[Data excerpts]

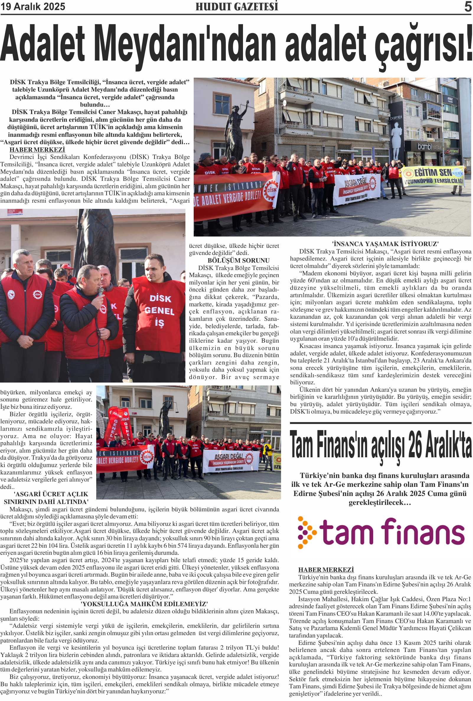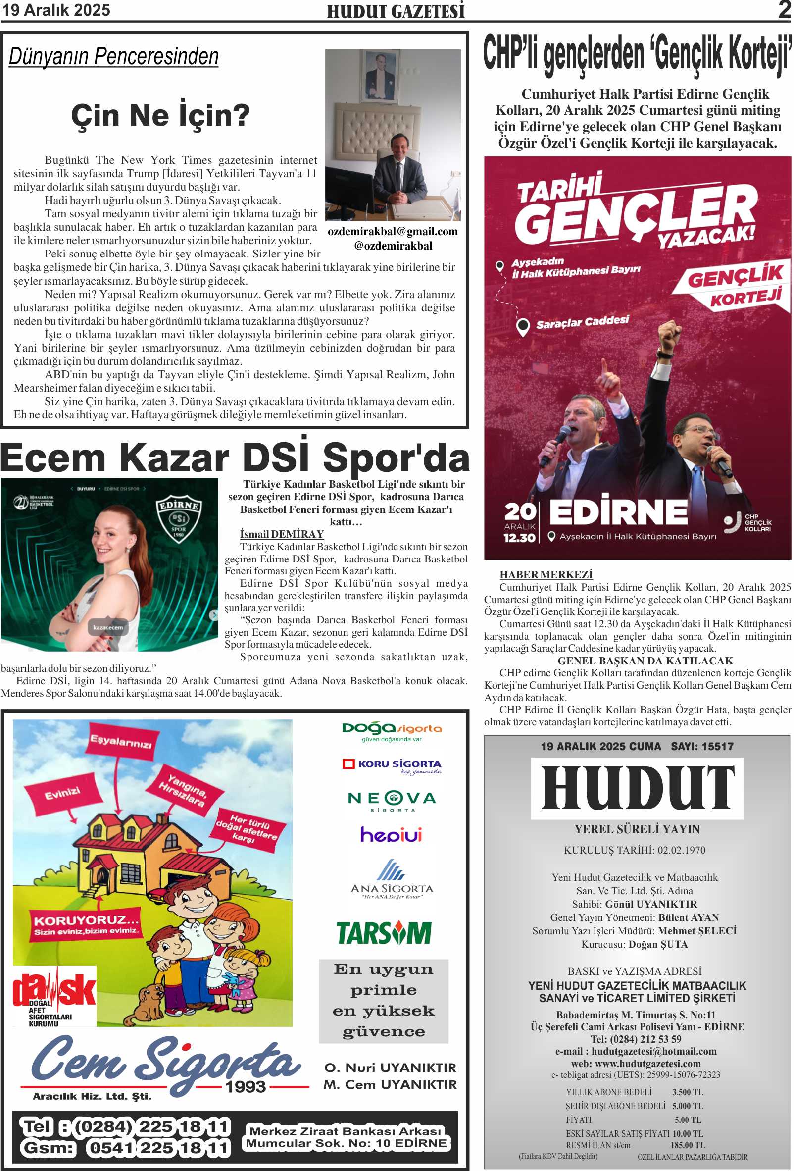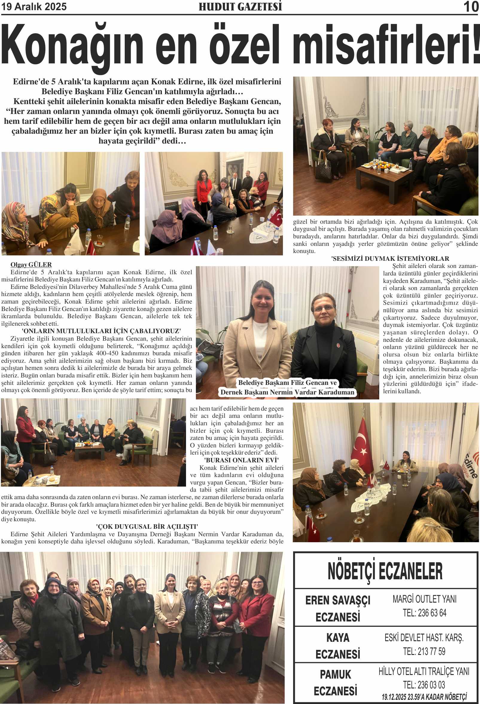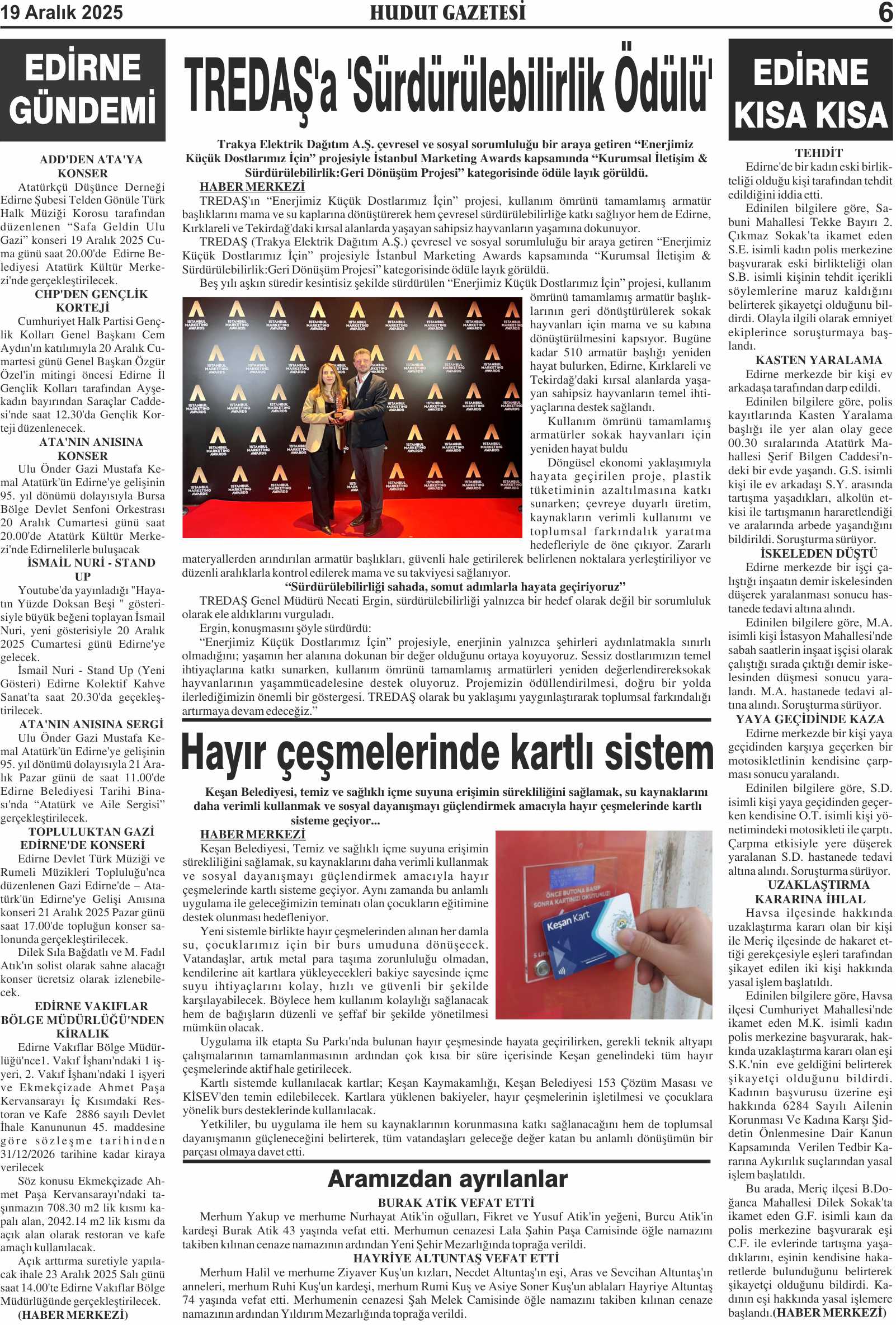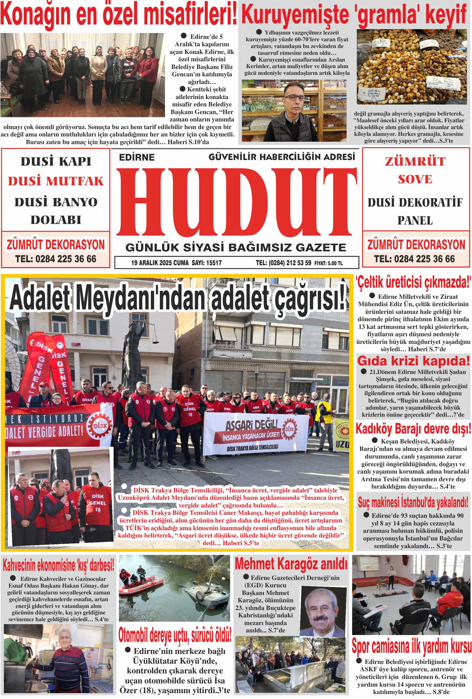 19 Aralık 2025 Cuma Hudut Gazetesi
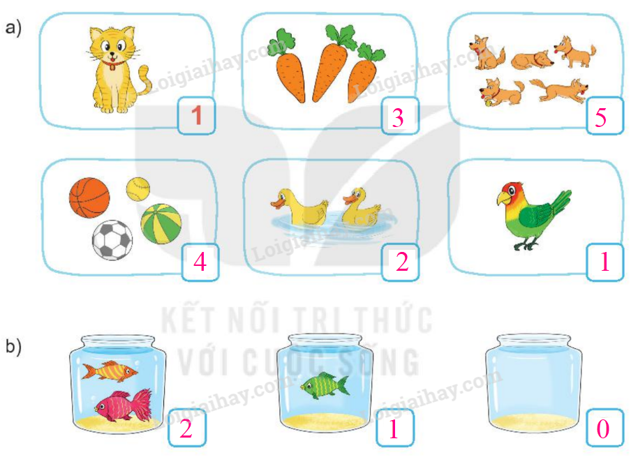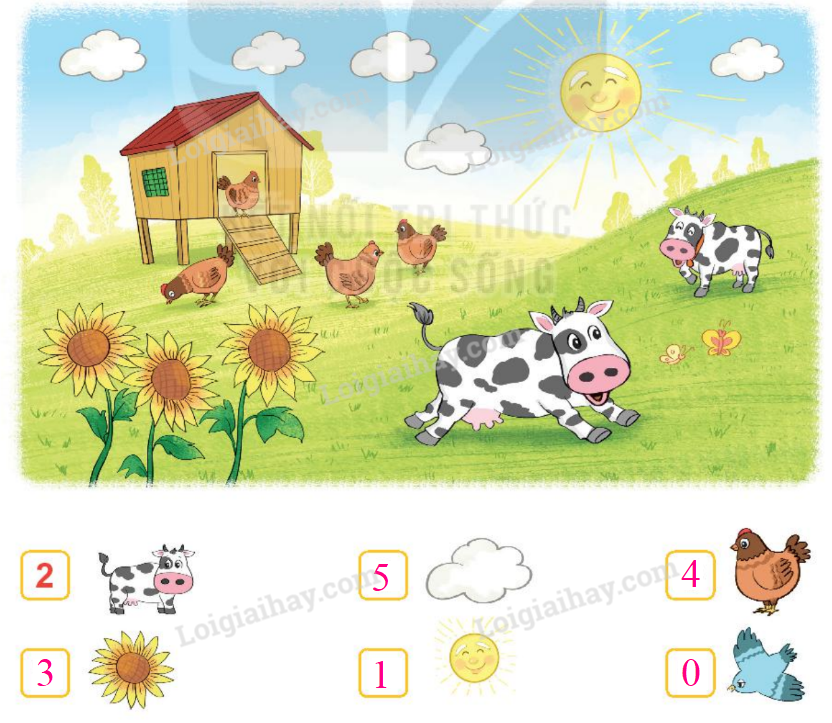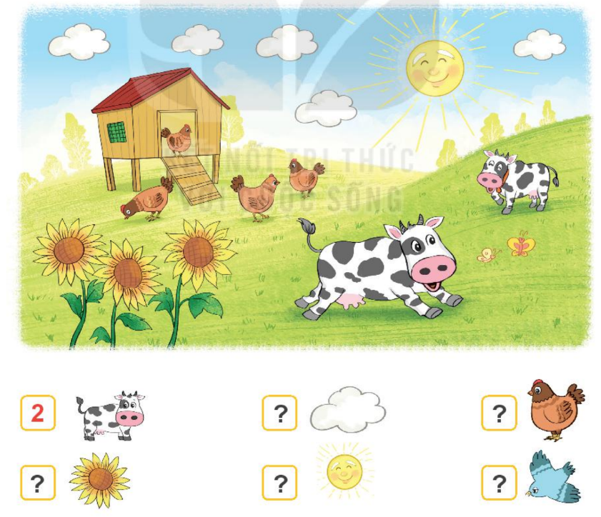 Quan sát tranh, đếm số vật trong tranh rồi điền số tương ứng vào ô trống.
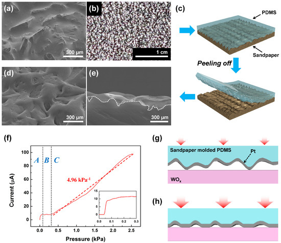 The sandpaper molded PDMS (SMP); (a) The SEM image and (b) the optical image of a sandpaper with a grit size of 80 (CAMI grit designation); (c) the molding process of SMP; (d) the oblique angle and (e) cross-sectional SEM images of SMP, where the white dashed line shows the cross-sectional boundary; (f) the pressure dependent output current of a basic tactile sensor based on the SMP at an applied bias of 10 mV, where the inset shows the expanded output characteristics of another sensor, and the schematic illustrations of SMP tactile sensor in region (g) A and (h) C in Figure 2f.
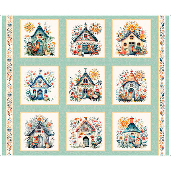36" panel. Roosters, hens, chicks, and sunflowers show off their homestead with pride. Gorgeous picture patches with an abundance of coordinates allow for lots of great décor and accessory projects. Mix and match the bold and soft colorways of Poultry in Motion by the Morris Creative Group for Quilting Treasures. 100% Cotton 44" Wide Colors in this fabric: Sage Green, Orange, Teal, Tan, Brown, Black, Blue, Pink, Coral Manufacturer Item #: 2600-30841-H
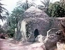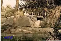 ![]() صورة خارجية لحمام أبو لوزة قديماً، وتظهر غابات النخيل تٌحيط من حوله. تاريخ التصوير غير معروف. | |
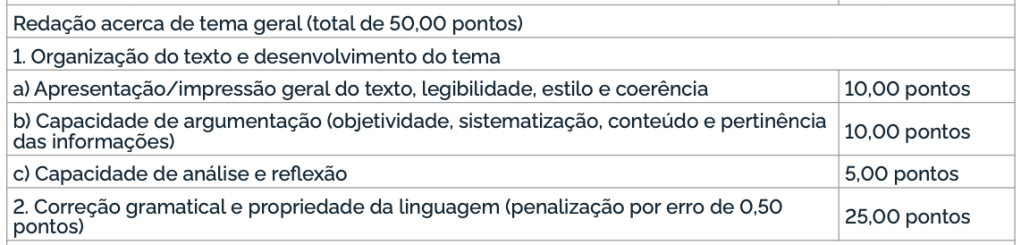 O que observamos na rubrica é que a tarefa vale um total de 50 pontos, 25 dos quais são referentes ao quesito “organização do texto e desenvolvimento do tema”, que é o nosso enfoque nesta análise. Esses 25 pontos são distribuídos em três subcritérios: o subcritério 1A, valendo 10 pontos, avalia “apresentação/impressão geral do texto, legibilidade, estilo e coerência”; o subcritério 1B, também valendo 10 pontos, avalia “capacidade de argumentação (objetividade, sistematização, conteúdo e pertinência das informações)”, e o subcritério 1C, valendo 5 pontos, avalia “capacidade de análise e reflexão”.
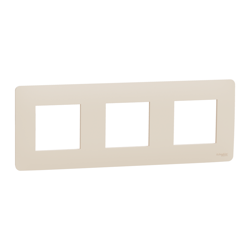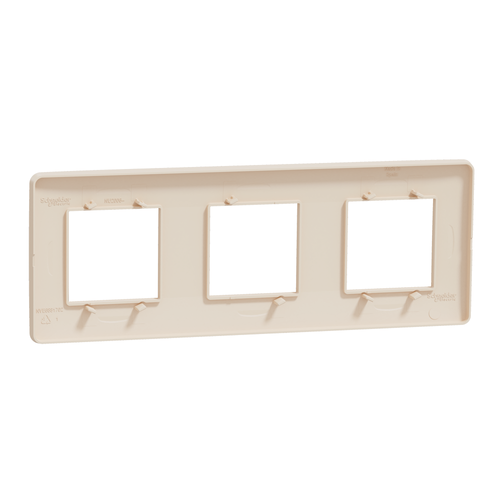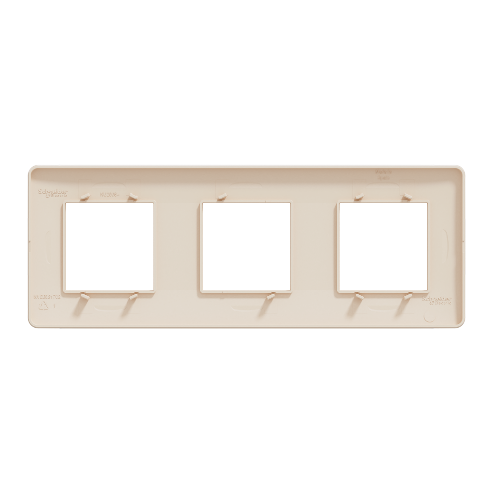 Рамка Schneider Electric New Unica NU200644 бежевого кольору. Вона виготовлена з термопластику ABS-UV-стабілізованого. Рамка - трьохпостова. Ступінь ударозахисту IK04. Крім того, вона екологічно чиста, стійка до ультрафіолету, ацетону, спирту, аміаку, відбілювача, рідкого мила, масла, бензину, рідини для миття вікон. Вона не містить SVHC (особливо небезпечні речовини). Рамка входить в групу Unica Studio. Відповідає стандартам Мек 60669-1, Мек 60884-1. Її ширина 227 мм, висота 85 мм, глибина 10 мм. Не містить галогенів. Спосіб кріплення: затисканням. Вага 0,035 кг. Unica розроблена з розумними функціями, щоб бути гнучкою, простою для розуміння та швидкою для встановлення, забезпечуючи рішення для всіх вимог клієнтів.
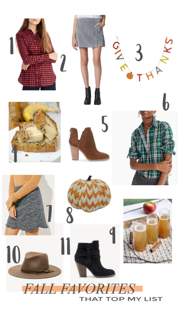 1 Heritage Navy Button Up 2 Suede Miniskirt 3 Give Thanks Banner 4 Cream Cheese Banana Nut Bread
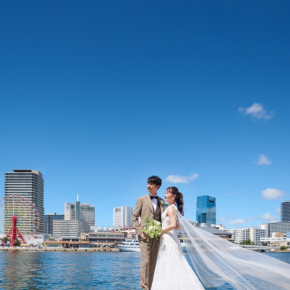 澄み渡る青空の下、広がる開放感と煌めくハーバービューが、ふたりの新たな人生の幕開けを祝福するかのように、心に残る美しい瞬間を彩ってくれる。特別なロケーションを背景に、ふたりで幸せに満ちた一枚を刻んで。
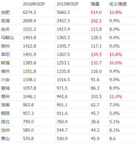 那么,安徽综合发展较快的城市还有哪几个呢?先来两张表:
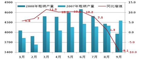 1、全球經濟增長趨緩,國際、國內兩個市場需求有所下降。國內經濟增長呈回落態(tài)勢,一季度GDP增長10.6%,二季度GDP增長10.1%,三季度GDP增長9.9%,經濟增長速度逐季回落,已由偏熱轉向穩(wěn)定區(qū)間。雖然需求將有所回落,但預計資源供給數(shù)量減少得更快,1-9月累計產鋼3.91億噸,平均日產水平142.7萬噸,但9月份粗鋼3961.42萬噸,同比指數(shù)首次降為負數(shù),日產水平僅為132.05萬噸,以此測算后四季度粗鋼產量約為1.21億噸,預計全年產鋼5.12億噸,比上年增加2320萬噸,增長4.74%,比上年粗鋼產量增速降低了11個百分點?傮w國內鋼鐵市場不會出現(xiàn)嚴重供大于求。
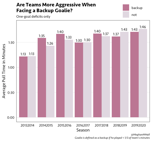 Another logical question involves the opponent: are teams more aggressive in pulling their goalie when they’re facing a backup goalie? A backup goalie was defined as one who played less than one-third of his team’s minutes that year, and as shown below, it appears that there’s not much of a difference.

Task to complete: Set the lines above down again, word for word, from the first through the one containing "Quan sát tranh, đếm"; pictures excluded.

Written solution:
 19 Aralık 2025 Cuma Hudut Gazetesi
 Quan sát tranh, đếm số vật trong tranh rồi điền số tương ứng vào ô trống.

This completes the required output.